Hywel ab Owain Gwynedd (circa 11201170), Prince of Gwynedd in 1170, was a Welsh poet and military leader.  Hywel was the son of Owain Gwynedd, prince of Gwynedd, and an Irishwoman named Pyfog. In recognition of this, he was also known as Hywel ap Gwyddeles (Hywel son of the Irishwoman). Hywel is also known as the Poet Prince for his bardic skills.

Biography

Military campaigns
Hywel's father Owain and uncle Cadwaladr came to blows in 1143 when Cadwaladr was implicated in the murder of Prince Anarawd ap Gruffydd of Deheubarth, Owain's ally and future son-in-law, on the eve of Anarawd's wedding to Owain's daughter. Owain followed a diplomatic policy of binding other Welsh rulers to Gwynedd through dynastic marriages, and Cadwaladr's border dispute and murder of Anarawd threatened Owain's efforts and credibility.
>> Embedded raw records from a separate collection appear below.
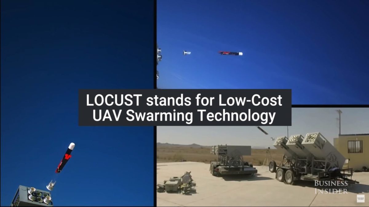 Ще один цікавий проєкт із ройового застосування БПЛА належить ВМС США. Це відносно малобюджетна програма Low-Cost UAV Swarming Technology або скорочено LOCUST (з англ. «Сарана»). Створений для цієї програми дрон-камікадзе Coyote від Raytheon Technologies – це малогабаритний літальний апарат зі штовхаючим гвинтом та парою складних крил. Після запуску зі спеціальних пускових установок дрони діють як одне ціле. Рій атакує ворожу техніку значно ефективніше, ніж при використанні ракет. Навіть якщо більшість дронів буде знищено на підльоті до цілі, апарати що лишилися, автоматично виберуть вразливі місця об’єкта і атакують їх.
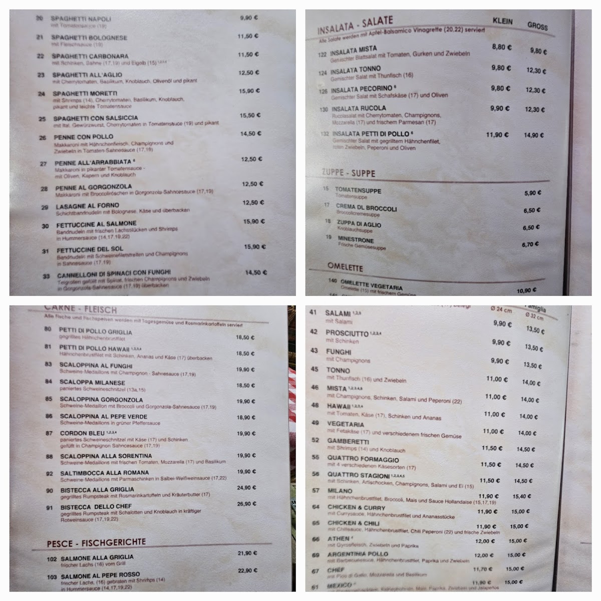 The beverage list complements the food well, ranging from classic refreshments like Bier to more expressive choices such as Mojito, Aperol Spritz, and Grappa, allowing diners to match their drinks to both casual meals and longer, relaxed evenings. To finish, desserts like Tiramisu and Creme Brûlèe provide a satisfying and familiar sweet ending that aligns perfectly with the restaurant’s approachable style. Overall, the menu feels cohesive and versatile, designed to please a wide audience while maintaining consistent quality and clear culinary identity.
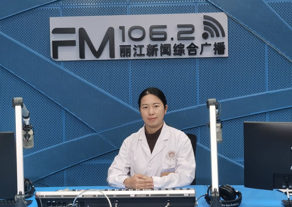 麗江市中醫(yī)醫(yī)院治未病科醫(yī)生甲阿給汝,做客麗江新聞綜合廣播。(麗江融媒記者 李婧 攝)
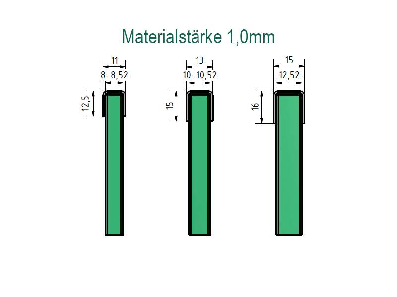 Profil encadrement pour verre, profil U en acier inoxydable de 1,0mm, longueur disponible jusqu'à 2500mm max., pour verres de 8 jusqu'à 21,52mm
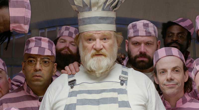 Other noteworthy set-pieces include the elaborate slapstick moment inside a barber shop and the Wes Anderson-like prison escape. In fact, I have to admit that watching the whole prison scene (the introduction of oddball inmates, the whimsical production design alongside the use of pastel colour palette and the symmetrical framing) is akin of experiencing an elaborate segment directed by the eccentric auteur himself.
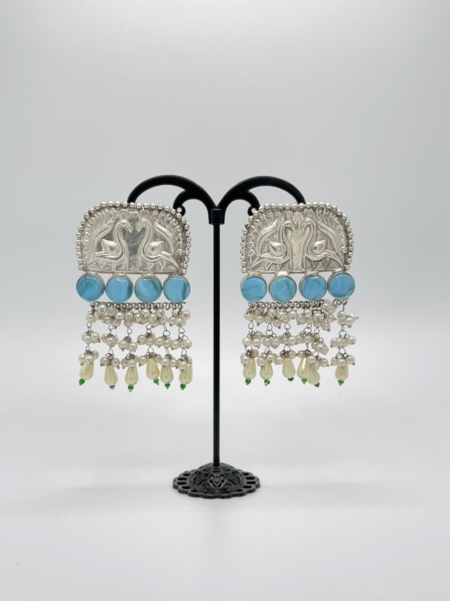 Ranjana Love Birds earrings with Aqua Marine Stones
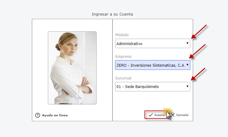 Administrativo y presionamos el botón

As ruler of Gwynedd, Owain stripped Cadwaladr of his lands assigning them to Hywel in 1139, and dispatched Hywel to Ceredigion where he burned Cadwaladr's castle at Aberystwyth, Hywel drove his uncle out in 1143. Cadwaladr fled to Ireland and hired a Norse fleet from Dublin, bringing the fleet to Abermenai to compel Owain to reinstate him. Taking advantage of the brotherly strife, and perhaps with the tacit understanding of Cadwaladr, the marcher lords mounted incursions into Wales. Realizing the wider ramifications of the war before him, Owain came to terms and reconciled, with Cadwaladr restored to his lands in 1144. Hywel and Cadell ap Gruffydd of Deheubarth joined forces against the Normans in west Wales, they took Carmarthen, Llanstephan, and Wiston castles. Peace between the brothers held until 1147, when an unrecorded event occurred which led Owain's sons Hywel and Cynan to drive Cadwaladr out of Meirionydd and Ceredigion, with Cadwaladr retreating to Môn. Meanwhile Hywel took Llanrhystud capturing Cadwaladr's son Cadfan in 1150. Again an accord was reached, with Cadwaladr retaining Aberffraw until a more serious breach occurred in 1153, when he was forced into exile in England, where his wife was the sister of Gilbert de Clare, 2nd Earl of Hertford, and the niece of Ranulph de Gernon, 2nd Earl of Chester. In 1157 Hywel is with his father, Owain Gwynedd on a campgaign against Henry II of England in Basingwerk. Then in 1159 Hywel accompanies a Norman force from Carmarthen castle against Lord Rhys of Deheubarth, and then afterwards, Hywel goes into revolt against Henry II. These actions seemed to be promoted by Owain Gwynedd, and also a desire to keep on good terms with the Crown.

Heir of Gwynedd
In 1146, news reached Prince Owain ap Gruffydd of Gwynedd that his favoured eldest son and heir, the edling, Rhun, died. Owain was overcome with grief, falling into a deep melancholy from which none could console him, until news reached him that Mold castle in Tegeingl (Flintshire) had fallen to Gwynedd, "[reminding Owain] that he had still a country for which to live," wrote historian Sir John Edward Lloyd.{{#tag:ref|Lloyd, J.E. A History of Wales, Rhun's death, page 96.|group=hyw}}
 
As the eldest surviving son and Edling, Hywel succeeded his father in 1170 as Prince of Gwynedd in accordance with Welsh law and custom. However, the new prince was immediately confronted by a coup instigated by his step-mother Cristin, Dowager Princess of Gwynedd. The dowager princess plotted to have her eldest son Dafydd usurp the Throne of Gwynedd from Hywel, and with Gwynedd divided between Dafydd and her other son Rhodri. The speed with which Cristin and her sons acted suggest that the conspiracy may have had roots before Owain's death. Additionally, the complete surprise of the elder sons of Owain suggests that the scheme had been a well kept secret.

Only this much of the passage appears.